Le barricate cadevano ad una ad una, le rovine si sgombravano, le botteghe venivano riaperte in migliore aspetto che mai; le belle donne riapparivano nelle passeggiate, le case ospitali s’aprivano a lieti e cortesi ritrovi, nei quali veniva fatta parte larghissima ai soldati di Garibaldi.
Del resto, pareva che da ogni parte si facesse a gara nel darci segno del gran bene che tutti ci volevano; il tugurio del povero, la modesta casa del borghese, il palazzo del ricco nobile, erano aperti per noi; dovunque entrassimo, eravamo sicuri d’essere i benvenuti.

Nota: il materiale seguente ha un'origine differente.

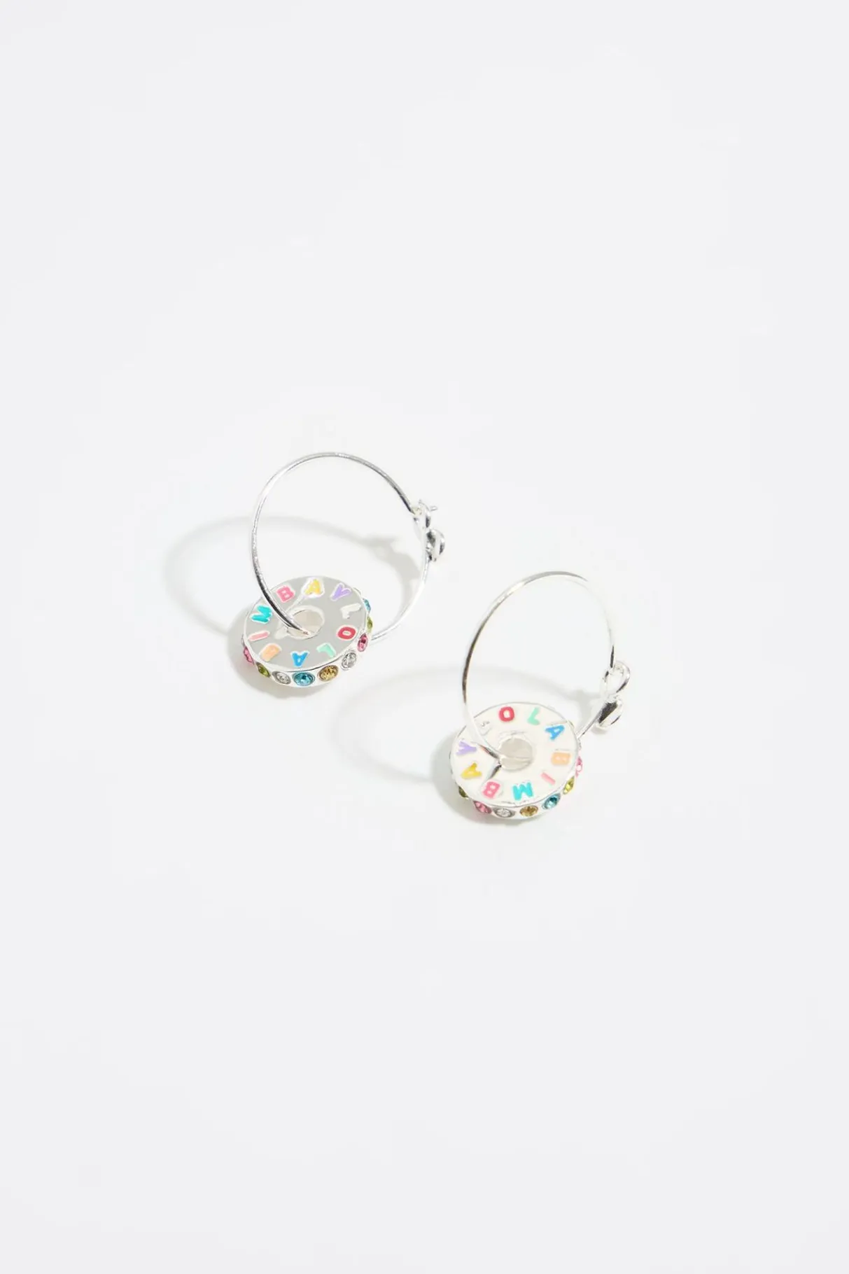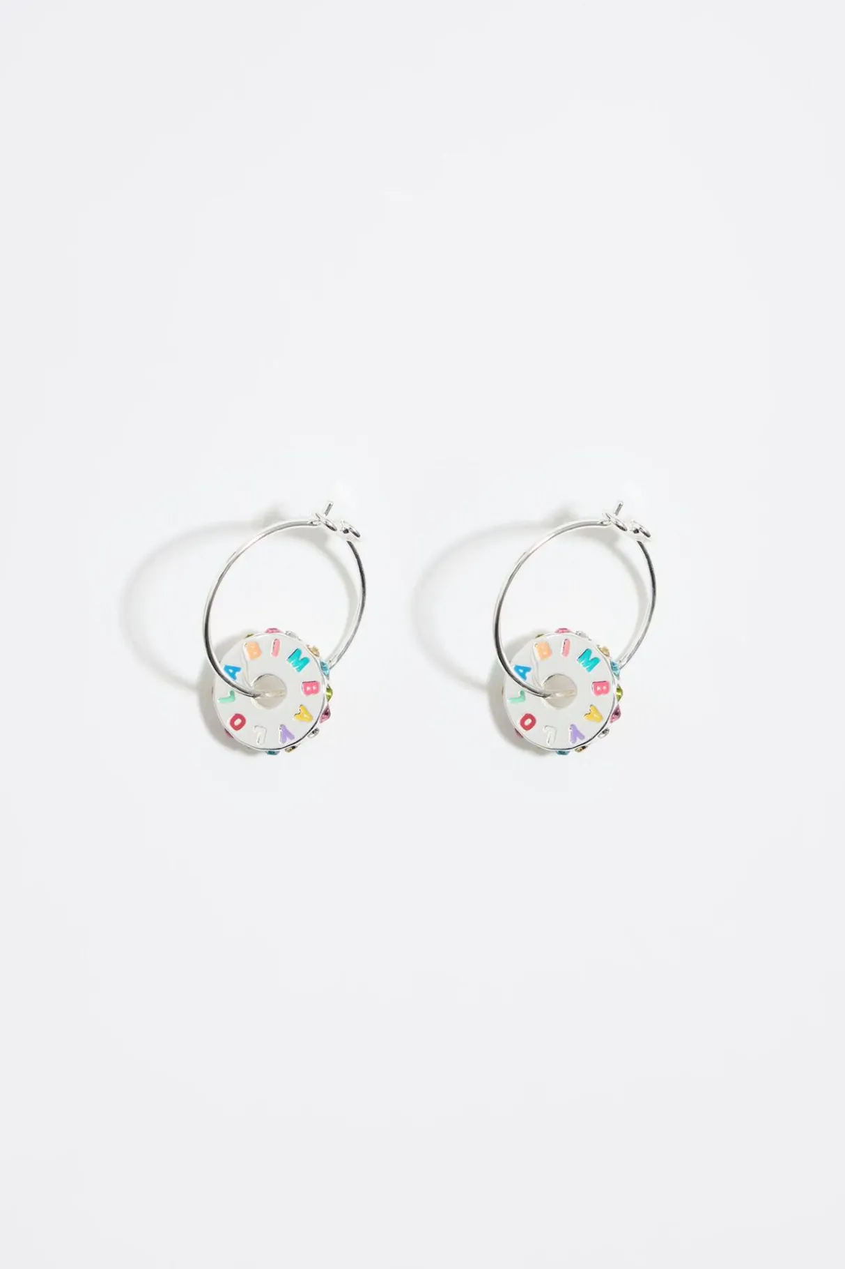 Pendientes De Aro Plateados Y Pieza De Metal Con Logo Grabado Multicolor. Modelo Con Cierre De Gancho.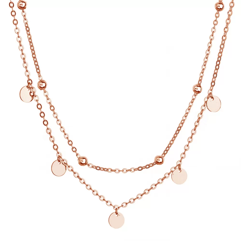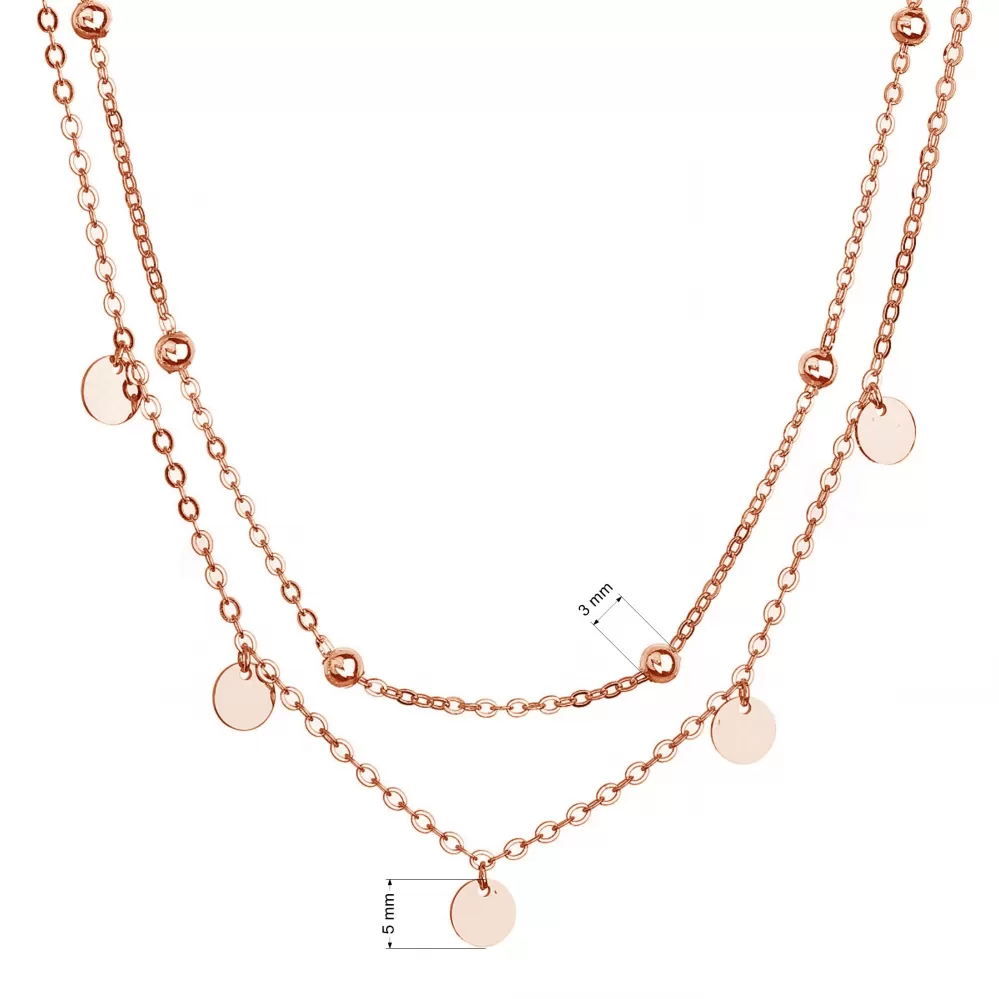 Pozlátený ROSE náhrdelník dvojradový malé placky a guličky 62007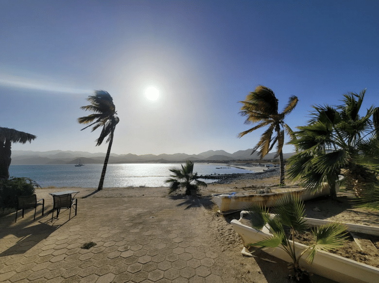 Walking out the gate the next morning in the pre-dawn twilight, I could hardly see to navigate the uneven sidewalk. But as I turned onto the avenue, I could see a dozen people out and about in the half light—sweeping their store’s stoop, wiping down tables at coffee stands, walking to work or to church for morning mass (the bells had been ringing). As I walked along the nearly dark street, each person I passed murmured a buenos dias or buen dia with some men touching their hat brims or nodding gravely as they greeted me. I responded in kind. As I stepped onto the malecon and the sun lightened the sea, I realized that it hadn’t even occurred to me to be afraid of walking at that early hour through a “foreign” city. La Paz felt comfortable, homey. And I felt seen, and respected, by all I encountered.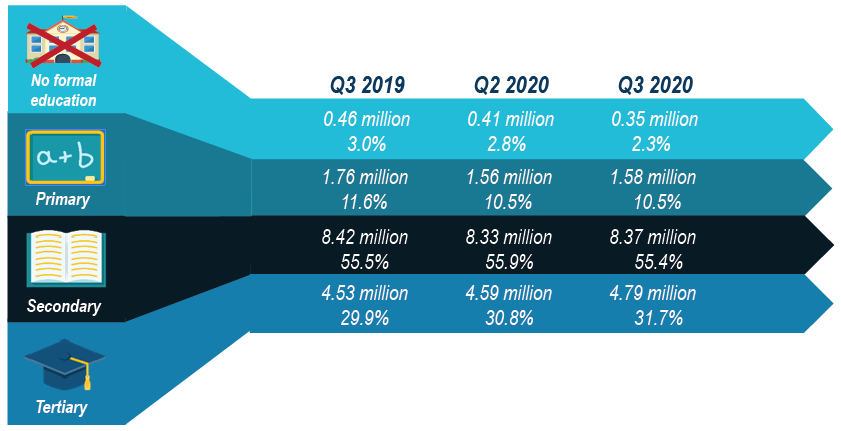 Employed person with secondary education attainment dropped 0.5 percentage points to 8.37 million persons while the number of employed persons with tertiary education rose 0.9 percentage points to 4.79 million persons (Q2 2020: 4.59 million persons). [Exhibit 6]

Chi potrebbe descrivere con lingua o con penna le deliziose serate, trascorse in quegli ameni giardinetti in riva al mare, in mezzo al profumo de’ fior d’arancio, in mezzo agli sguardi di quelle vaghe bellezze siciliane; chi saprebbe mai dire quanto fosse per noi gradito il linguaggio di quei cittadini, i quali ci dicevano di continuo: «Grazie a voi, liberatori nostri; questa felicità che godiamo è tutto vostro merito!».
Io guardavo con occhio di sincera ammirazione quella città, i cui abitanti s’eran lasciati tempestare per due dì e per due notti dalle bombe, senza dare un lamento, senza tradire un senso di sconforto, senza lasciarsi sfuggir dalle labbra una parola, che accennasse a paura. E veramente in que’ terribili giorni ultimi di maggio, si poté dire che la grande anima di Garibaldi aveva pieni di sé i petti dei palermitani, e che questi parlavano per bocca sua, quando gli ignominiosi patti, offerti dai bombardatori, vennero respinti con urla di sdegno, e quando il grido: mora, mora! suonò più forte, quasi a provocare il nemico ché, rotta la tregua, ricominciasse più fiera la sua spietata battaglia.
E pensavo sovente: “Quante altre delle nostre città avrebbero fatto ciò che fece Palermo?”.
Stringiamo in un serto il nome della superba regina della Trinacria con Milano, con Brescia, con Venezia e con Roma.